AEVE ENDING
「…っ、」
ぶつりと糸が切れたように、倫子の体が崩れ落ちた。
それを玩具のように支え、鍾鬼はその口角に笑みを湛えたまま雲雀に向き直る。
双子に立ちはだかれながら、しかし雲雀は腕を組んだまま動こうとしない。
警戒すら、しようとせず。
(さすが修羅、と讃えるところか―――)
その湖面のような気配はまるで波立たない。
視線は、腕の中の生き物に縫い止められたまま、全く変動しない静謐。
「…そんなに嫌か?こんなものを手放すのが?」
(それ程の男がこれほどまでに執着する価値が、果たしてこの女にあるのか)
美しい容姿や美声を持つわけでもなく、アダムとして高い能力と才能を秘めているわけでもない。

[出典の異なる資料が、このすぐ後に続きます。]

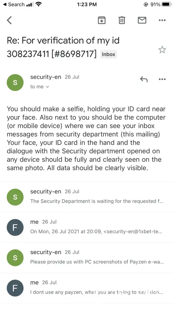 My id number in 1xbet is [protected] when i have deposited money continuesly for 1 week they didnt askd me for any verification n now whn i try to withdraw amount they are asking me to send id which i have sended it thn asked me to take selfie along with id i have done it then askd me to give a screenshot of pc which i have done n then they are saying not like this do it like that thn done it then sayng no do it like this n oll fed up submitting documents now they are not responding

万人を惹く性格でもないし、極端な善人でも悪人でもない。
(…田舎臭い、ただの女だ)
しかも、醜い。
それなのに、この執着のしようはなんだ。
(───まさか知っているのか?)
この腕で眠る、化け物の秘密に。
(それならば尚更、手元に置く必要もあるまい)
考えれど思考が定まることはない。
なにせ神の思考。
愚民が追求することも赦されることでもない。
「…橘が、僕の代わりになると思うの?」
修羅が口を開く。
探るべく出た言葉というより、心外だ、とでも言いたげである。
「───まさか。このちんけな蟲が修羅の代理になるわけもない」
さも可笑しげに、鍾鬼は苦笑を形どる。
「…それなら、僕を釣る餌にするつもり?」
至極真面目に吐き出されたその言葉に、鍾鬼は口角を釣り上げた。
「…その言葉が出たということは、この蟲は君の餌になり得るのか」
まるで自らが認めているように。
「…さぁね」
ふ、と溜め息が漏れる。
組んでいた腕を解いた雲雀がどこか項垂れる視線を落とす。
「…あぁ、面倒臭い。なんでいつも厄介事ばかり連れてくるのかな」
明らかにそれは倫子に向けられた科白。
呆れているようで煩わしいようで、けれど悪くない、と。